### EXERCISE DIRECTIONS
Exact reproduction is required for the lines below starting at the line with "We walked through" and ending at the line with "Large wood-burning fireplaceSerene", both included. No other lines, and no pictures.

### EXTRACTED DATA
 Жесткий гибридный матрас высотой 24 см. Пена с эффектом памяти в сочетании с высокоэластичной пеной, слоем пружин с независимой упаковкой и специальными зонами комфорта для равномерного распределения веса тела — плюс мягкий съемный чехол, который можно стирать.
==
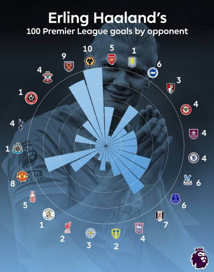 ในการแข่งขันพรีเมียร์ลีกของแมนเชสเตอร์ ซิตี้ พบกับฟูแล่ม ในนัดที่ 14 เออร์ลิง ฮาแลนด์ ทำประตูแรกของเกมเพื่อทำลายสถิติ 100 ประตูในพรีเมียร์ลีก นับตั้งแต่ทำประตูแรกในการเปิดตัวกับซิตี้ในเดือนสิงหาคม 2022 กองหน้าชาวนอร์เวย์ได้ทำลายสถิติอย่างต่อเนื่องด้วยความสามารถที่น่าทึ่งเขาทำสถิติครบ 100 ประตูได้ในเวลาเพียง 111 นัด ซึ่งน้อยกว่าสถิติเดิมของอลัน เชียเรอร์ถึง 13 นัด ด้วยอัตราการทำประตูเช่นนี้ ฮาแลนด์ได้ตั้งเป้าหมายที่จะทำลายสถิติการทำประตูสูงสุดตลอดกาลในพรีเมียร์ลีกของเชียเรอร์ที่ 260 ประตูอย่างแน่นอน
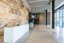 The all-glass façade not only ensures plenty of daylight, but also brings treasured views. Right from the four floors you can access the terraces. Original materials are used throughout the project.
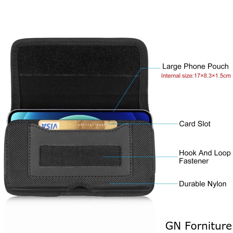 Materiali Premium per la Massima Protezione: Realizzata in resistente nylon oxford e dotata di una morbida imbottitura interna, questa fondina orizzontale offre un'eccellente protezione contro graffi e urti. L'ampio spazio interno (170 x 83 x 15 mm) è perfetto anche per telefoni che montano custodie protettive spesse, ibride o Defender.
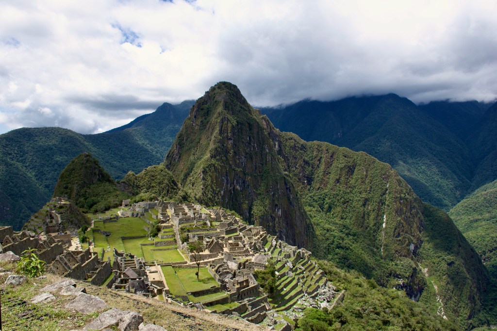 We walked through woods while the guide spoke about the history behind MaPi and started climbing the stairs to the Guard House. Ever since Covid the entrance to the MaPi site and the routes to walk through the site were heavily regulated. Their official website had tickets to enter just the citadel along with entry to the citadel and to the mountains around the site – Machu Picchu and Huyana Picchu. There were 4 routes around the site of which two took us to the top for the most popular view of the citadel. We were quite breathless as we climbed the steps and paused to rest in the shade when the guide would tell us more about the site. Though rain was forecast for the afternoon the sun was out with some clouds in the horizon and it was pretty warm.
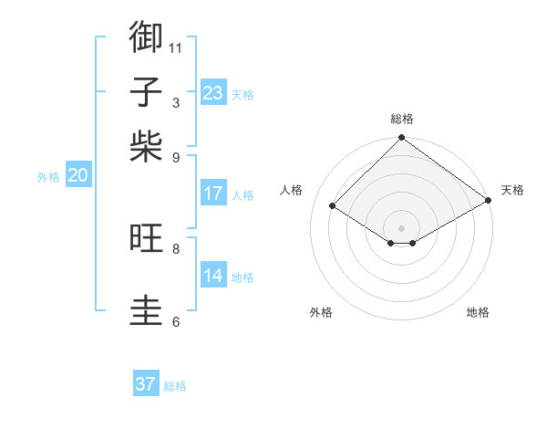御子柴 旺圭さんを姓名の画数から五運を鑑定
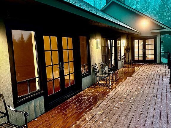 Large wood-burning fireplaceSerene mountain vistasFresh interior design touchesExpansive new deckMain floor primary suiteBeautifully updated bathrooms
* * *
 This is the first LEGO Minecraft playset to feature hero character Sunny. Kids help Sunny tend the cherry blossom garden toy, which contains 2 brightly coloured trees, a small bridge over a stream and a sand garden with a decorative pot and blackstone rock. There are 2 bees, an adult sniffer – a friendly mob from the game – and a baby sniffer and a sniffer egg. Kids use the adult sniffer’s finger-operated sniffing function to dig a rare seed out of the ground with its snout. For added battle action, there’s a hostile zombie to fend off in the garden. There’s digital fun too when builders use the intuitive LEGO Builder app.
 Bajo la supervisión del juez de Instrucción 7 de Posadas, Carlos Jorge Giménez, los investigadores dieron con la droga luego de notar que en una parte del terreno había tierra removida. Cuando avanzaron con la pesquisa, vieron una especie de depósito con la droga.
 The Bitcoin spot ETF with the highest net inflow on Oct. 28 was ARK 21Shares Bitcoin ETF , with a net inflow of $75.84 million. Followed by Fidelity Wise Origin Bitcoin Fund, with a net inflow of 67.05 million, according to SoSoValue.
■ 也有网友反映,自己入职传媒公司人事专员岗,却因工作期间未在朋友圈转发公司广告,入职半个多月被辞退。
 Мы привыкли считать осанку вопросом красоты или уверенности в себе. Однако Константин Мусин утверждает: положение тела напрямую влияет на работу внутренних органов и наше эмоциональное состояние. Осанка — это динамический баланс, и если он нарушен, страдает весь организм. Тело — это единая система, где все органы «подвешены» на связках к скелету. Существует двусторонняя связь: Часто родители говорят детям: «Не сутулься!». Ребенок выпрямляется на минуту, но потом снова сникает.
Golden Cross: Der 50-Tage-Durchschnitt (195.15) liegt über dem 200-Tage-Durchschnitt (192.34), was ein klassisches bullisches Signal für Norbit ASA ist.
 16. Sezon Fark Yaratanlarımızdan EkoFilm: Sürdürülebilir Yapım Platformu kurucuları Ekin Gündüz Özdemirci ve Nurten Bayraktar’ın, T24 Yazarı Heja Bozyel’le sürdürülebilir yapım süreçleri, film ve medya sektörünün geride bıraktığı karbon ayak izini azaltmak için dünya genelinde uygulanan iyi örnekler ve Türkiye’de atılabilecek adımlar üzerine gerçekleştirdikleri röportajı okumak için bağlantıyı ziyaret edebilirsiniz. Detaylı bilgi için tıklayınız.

### SOLUTION
 We walked through woods while the guide spoke about the history behind MaPi and started climbing the stairs to the Guard House. Ever since Covid the entrance to the MaPi site and the routes to walk through the site were heavily regulated. Their official website had tickets to enter just the citadel along with entry to the citadel and to the mountains around the site – Machu Picchu and Huyana Picchu. There were 4 routes around the site of which two took us to the top for the most popular view of the citadel. We were quite breathless as we climbed the steps and paused to rest in the shade when the guide would tell us more about the site. Though rain was forecast for the afternoon the sun was out with some clouds in the horizon and it was pretty warm.
御子柴 旺圭さんを姓名の画数から五運を鑑定
 Large wood-burning fireplaceSerene mountain vistasFresh interior design touchesExpansive new deckMain floor primary suiteBeautifully updated bathrooms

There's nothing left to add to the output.